Les pays du Maghreb ou d'Afrique francophone votaient le plus souvent avec nous à l'ONU ? Ils le font de moins en moins. Ils achetaient une part essentielle de leurs importations chez nous ? Ils le font de moins en moins. Ils parlaient notre langue et véhiculaient notre civilisation ? Ils le font de moins en moins. Ces pertes sèches sont-elles au moins compensées par de fulgurantes percées de l'influence française, de la langue française, de la diplomatie française, des produits français, dans les pays de l'est que nous préférons désormais ? Pas du tout, les pays de l'Est récupèrent notre argent et nos emplois, ne parlent plus que l'anglo-américain et s'alignent méthodiquement sur les États-Unis.

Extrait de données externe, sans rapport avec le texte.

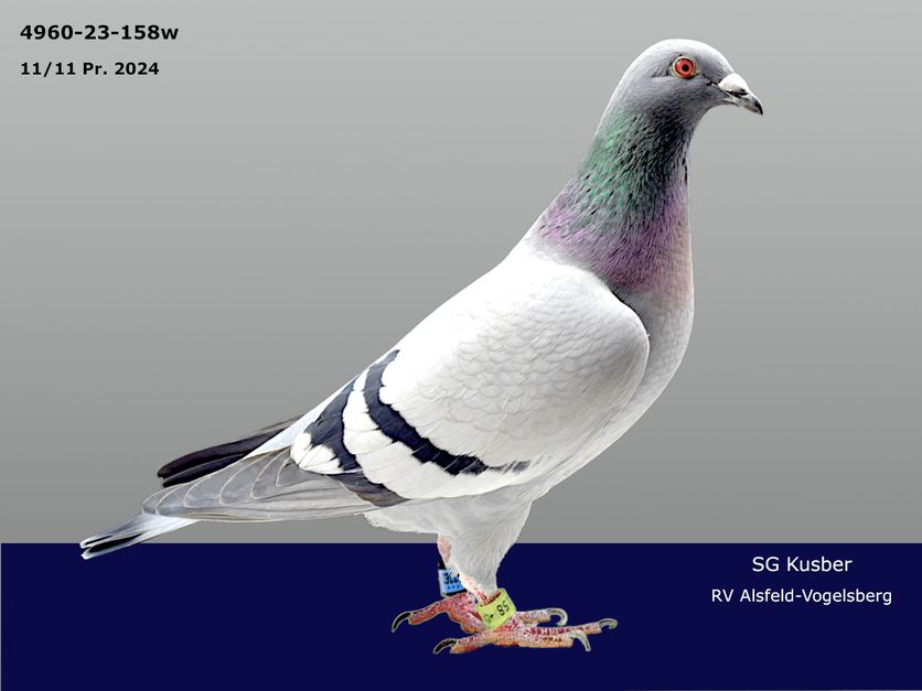 04960-23-158 W flog von 11 Einsätzen 11 Preise mit 3.742 Pr. Km und 639.50 AS-Punkten (darunter den 6. und 15. Konkurs) und wurde 2. RV bestes jähriges Weibchen. In 2023 wurde sie 18. beste Hessische Jungtaube und flog den 1. Konkurs von Rastatt am 02.09.2023. Sie stammt aus dem ebenfalls im Bericht schon erwähnten 09418-08-808, welcher in 2020 miit 12/12 bestes Männchen n der RV und FG wurde. Er ist Enkel aus dem 09418-97-794. Mutter des 808 ist die 02884-15-616W. Mutter der 158 W ist 02884-10-481 W von H. u. F. Sander eine Tochter aus dem JAAP.

Quelle est actuellement la stratégie de la France ? Dans le fond, c'est celle de l'Ordre du Temple Solaire : suicidez-vous collectivement d'abord et vous atteindrez un monde meilleur ensuite. Car c'est bien un véritable suicide géopolitique, sociologique, social et civilisationnel que la construction européenne exige désormais de la France afin, nous assure-t-on,... qu'elle se porte mieux ! Or il est rare que les peuples et les civilisations se suicident pour de bon. "Un instant encore, Monsieur le Bourreau !" : c'est en substance ce que crient silencieusement ces décisions gouvernementales de la semaine dernière.